§ **Your objective**: Starting at the line that contains "佛山市睿牛制衣有限公司——3" and stopping at the line that contains "The retro camper", restate each line of the records below exactly. Omit the pictures.

§ **Data shown**:
# # # #

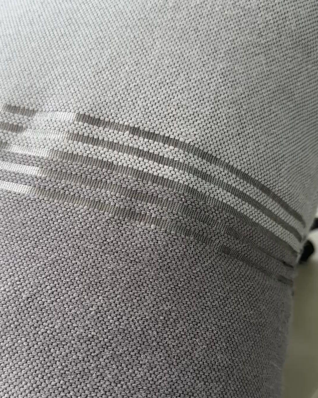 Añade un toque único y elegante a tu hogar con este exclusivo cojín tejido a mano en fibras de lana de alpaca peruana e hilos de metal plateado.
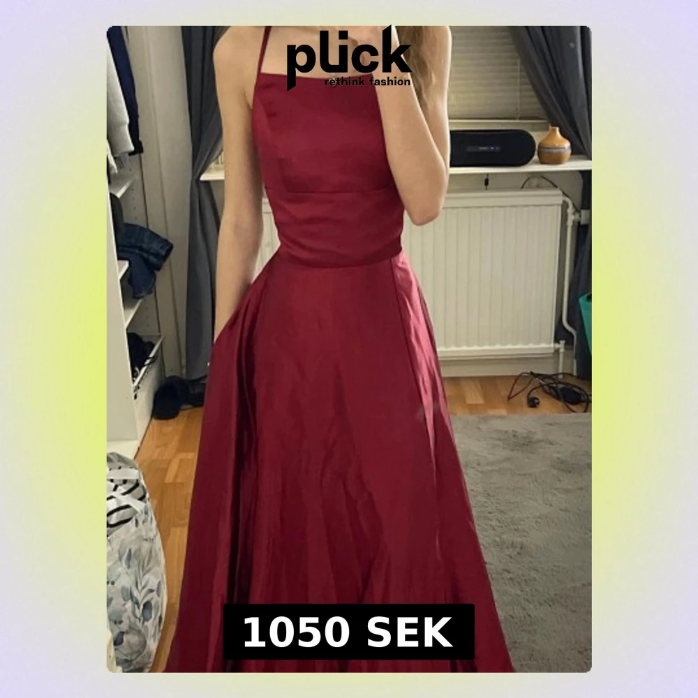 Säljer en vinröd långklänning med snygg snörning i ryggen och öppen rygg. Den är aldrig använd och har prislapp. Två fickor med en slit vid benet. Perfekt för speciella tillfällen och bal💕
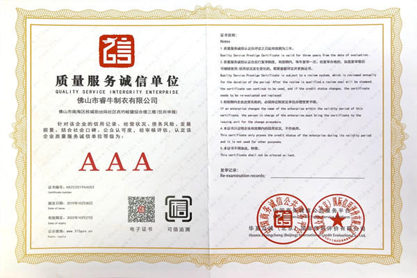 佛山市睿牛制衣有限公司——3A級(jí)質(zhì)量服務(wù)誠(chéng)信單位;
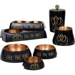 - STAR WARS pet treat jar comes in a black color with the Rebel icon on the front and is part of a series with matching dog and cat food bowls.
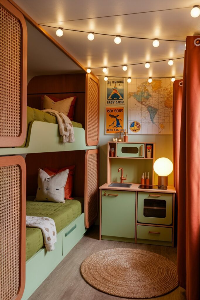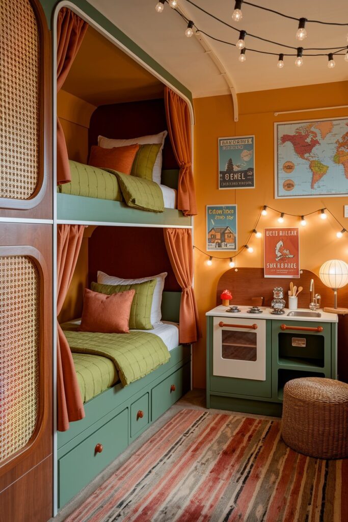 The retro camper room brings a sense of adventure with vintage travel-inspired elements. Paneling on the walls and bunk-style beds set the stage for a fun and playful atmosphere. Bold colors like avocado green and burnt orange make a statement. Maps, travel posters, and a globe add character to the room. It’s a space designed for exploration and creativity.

# # # #

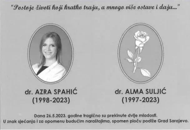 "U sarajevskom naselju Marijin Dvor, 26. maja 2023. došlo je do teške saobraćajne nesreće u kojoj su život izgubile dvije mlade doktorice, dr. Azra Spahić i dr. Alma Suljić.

# # # #

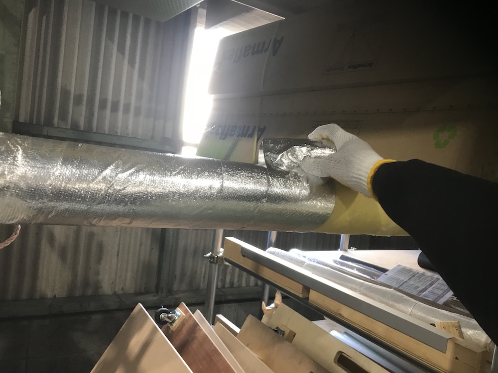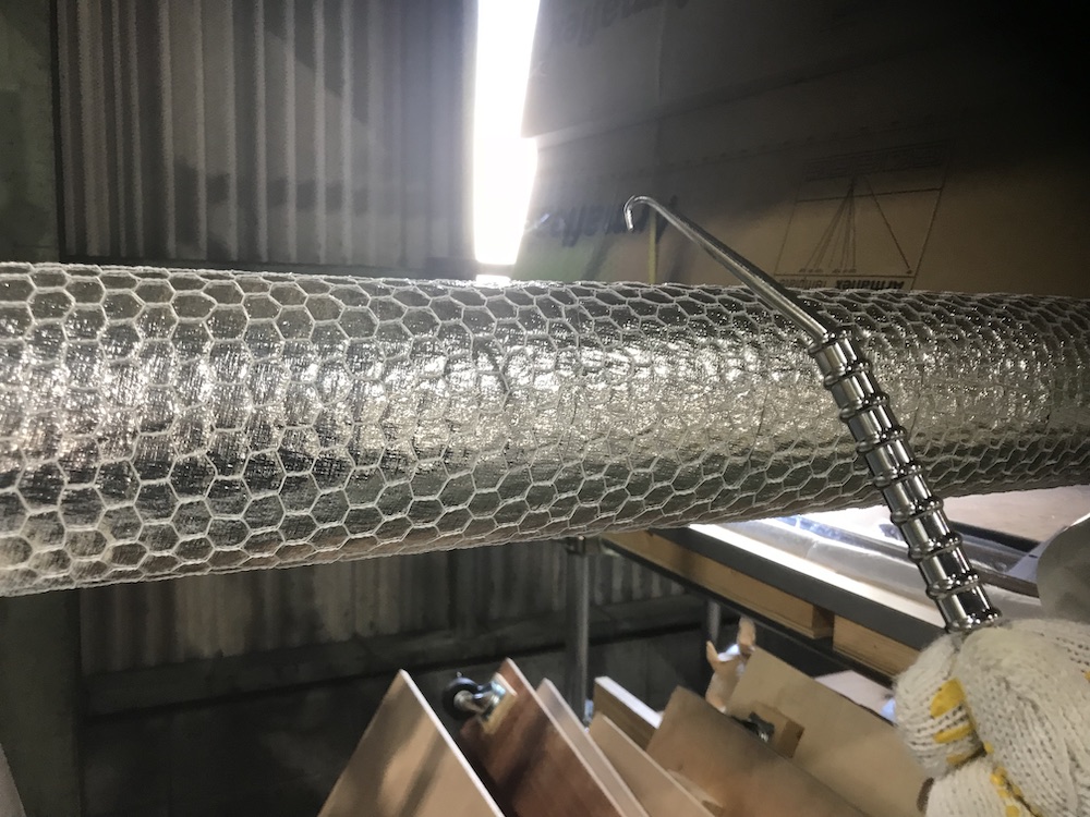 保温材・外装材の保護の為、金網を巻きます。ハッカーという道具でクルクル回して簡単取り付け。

# # # #

§ **Response to this task**:
 佛山市睿牛制衣有限公司——3A級(jí)質(zhì)量服務(wù)誠(chéng)信單位;
 - STAR WARS pet treat jar comes in a black color with the Rebel icon on the front and is part of a series with matching dog and cat food bowls.
 The retro camper room brings a sense of adventure with vintage travel-inspired elements. Paneling on the walls and bunk-style beds set the stage for a fun and playful atmosphere. Bold colors like avocado green and burnt orange make a statement. Maps, travel posters, and a globe add character to the room. It’s a space designed for exploration and creativity.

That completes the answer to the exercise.